It comes as no surprise when the roaches escape, nor when they turn up in Honolulu, where Taylor-Johnson is on a layover on the way back to nurse-wife Elizabeth Olsen (finally cashing in during what amounts to her 14th minute of fame) and their young son in San Francisco.

Taylor-Johnson is almost always in the wrong place at the wrong time, including on a monorail memorably set upon by the cockroaches in an homage to Godzilla’s one-time wrestling opponent, King Kong. (Director Edwards seems most influenced by “Jurassic Park.”)

Elizabeth Olsen stars as Aaron Taylor-Johnson’s wife in “Godzilla.”Warner Bros. Pictures

Our human hero is MIA when the cockroaches level much of Las Vegas — I say good riddance to an overused location! — but is front and center when a couple of the giant roaches engage in mating rituals among the few Frisco skyscrapers still standing, prior to laying eggs in the subway system.

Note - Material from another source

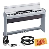 Korg LP350 Digital Piano Bundle with Two 10-Foot MIDI Cables, Headphones, and Polishing Cloth - White

Even in 3-D, these human characters are barely one-dimensional, but in the end that doesn’t really matter very much. Edwards — a Brit whose only previous directing credit was the micro-budgeted “Monsters’’ — knows people don’t go to these kinds of movies to watch an international cast of Oscar-nominated and Emmy-winning actors.

“Godzilla” climaxes in a welter of expertly staged monster-on-monster action that honors the memory of Ishiro Honda’s 1954 classic Godzilla debut (and its numerous sequels) far more effectively than did Roland Emmerich’s jokey 1998 reboot.